ACM warms up a cold night with stimulating mix of new music

Wed Jan 22, 2014 at 2:48 pm

By Wynne Delacoma

ACM collaborated with singer-songwriter Jennifer Hall Tuesday night at Architectural Artifacts.
ACM collaborated with singer-songwriter Jennifer Hall Tuesday night at Architectural Artifacts.

Access Contemporary Music is one of Chicago’s most innovative and adventurous new music organizations. It’s no wonder, then, that an overflow audience braved yet another round of snow and near-zero temperatures on Tuesday night to hear ACM musicians perform at the industrial-chic Architectural Artifacts space on North Ravenswood Avenue.

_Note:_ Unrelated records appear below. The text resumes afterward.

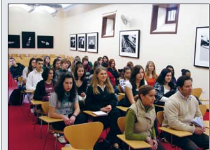
Deutsche und kanarische Schüler lernen voneinander

Die Oberstufe der Schule „IES Garachico Alcalde Lorenzo Dorta“ (Instituto de Educación Secundaria) begrüßte kürzlich zum ersten Mal 17 deutsche Schüler von der „Ziehenschule“ aus Frankfurt am Main.
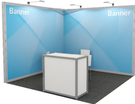
9 m 2 Beispiel
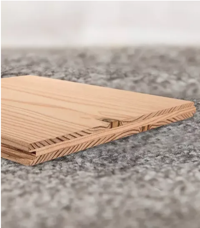
Aufbau einer Dreischichtdielen

Aus der Serie Massivholz- und Mehrschicht-Dielenböden von DIPRO - DIELEN & PARKETT
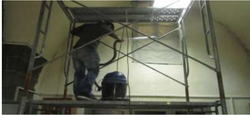
الشكل رقم (13) تنظيف جدران مستودعات متحف التقاليد الشعبية من الغبار بواسطة مكنسة كهربائية
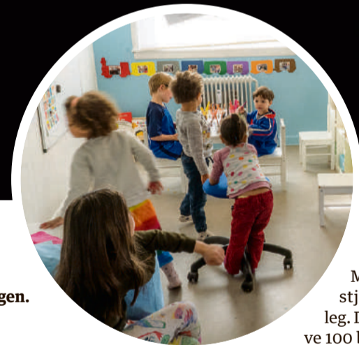
Hvis de store børnehavebørn er modne til det, må de også gerne deltage i skolen. Her tegner de i børnehaveafdelingen.
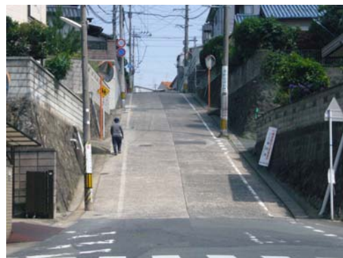
高低差のある団地
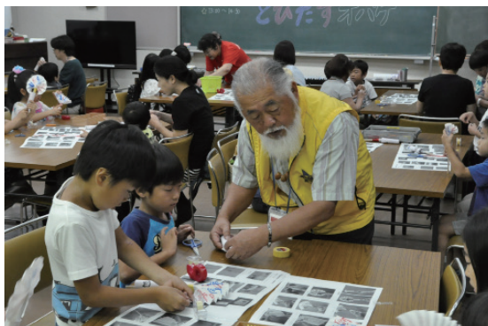
カンタン工作「とびだすオバケ」
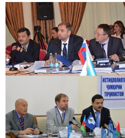
НА ФОТОГРАФИЯХ ЗАСЕДАНИЯ ШТАБА, 2011, 2012 ГГ.

PHOTOS: THE HEADQUARTERS SESSIONS IN 2011 AND 2012
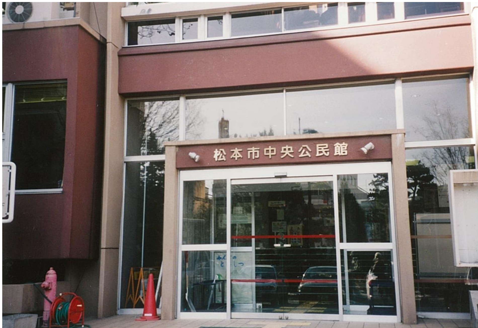
松本市中央公民館（平成11年）
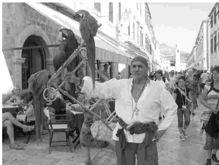
Dubrovniku peatänav, mis on alati rahvarohke
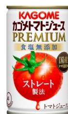
カゴメトマトジュースプレミアム 食塩無添加 160g ※8月21日(火)発売

Titled “Vanishing Point,’’ the concert focused on the far horizon where, according to ACM founder Seth Boustead, the normally parallel streams of pop and classical music increasingly intersect. As is typical of his programming, the repertoire and performers were a stimulating, eclectic mix.

One great pleasure of ACM concerts is the sense of venturing into the unknown; most of the music on Tuesday’s concert was either newly composed or newly arranged. But listeners also know that each piece will be played by gifted, passionately involved performers.

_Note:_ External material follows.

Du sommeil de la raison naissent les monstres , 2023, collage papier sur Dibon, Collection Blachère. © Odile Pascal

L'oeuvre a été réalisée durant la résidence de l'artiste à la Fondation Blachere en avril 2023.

Three Pieces by Chicago composer William Jason Raynovich, a work originally written for soprano and cello, was re-imagined for jazz vocalist Christy Bennett accompanied by clarinet, cello and guitar.

I would have liked a printed text for the two e.e. cummings poems–“Into a Truly” and “World, Conceive a Man”—that were divided by an instrumental interlude. Bennett ‘s voice was sweet and supple, and her relaxed, soft-edged phrasing flowed with the relaxed confidence of a true jazz singer. At times, her words were difficult to understand, but Raynovich’s instrumental writing was intensely expressive. Christie Miller’s clear, dark clarinet and Alyson Berger’s mournful cello evoked an atmosphere of austere loneliness abetted by hushed interjections from Casey Nielsen’s guitar.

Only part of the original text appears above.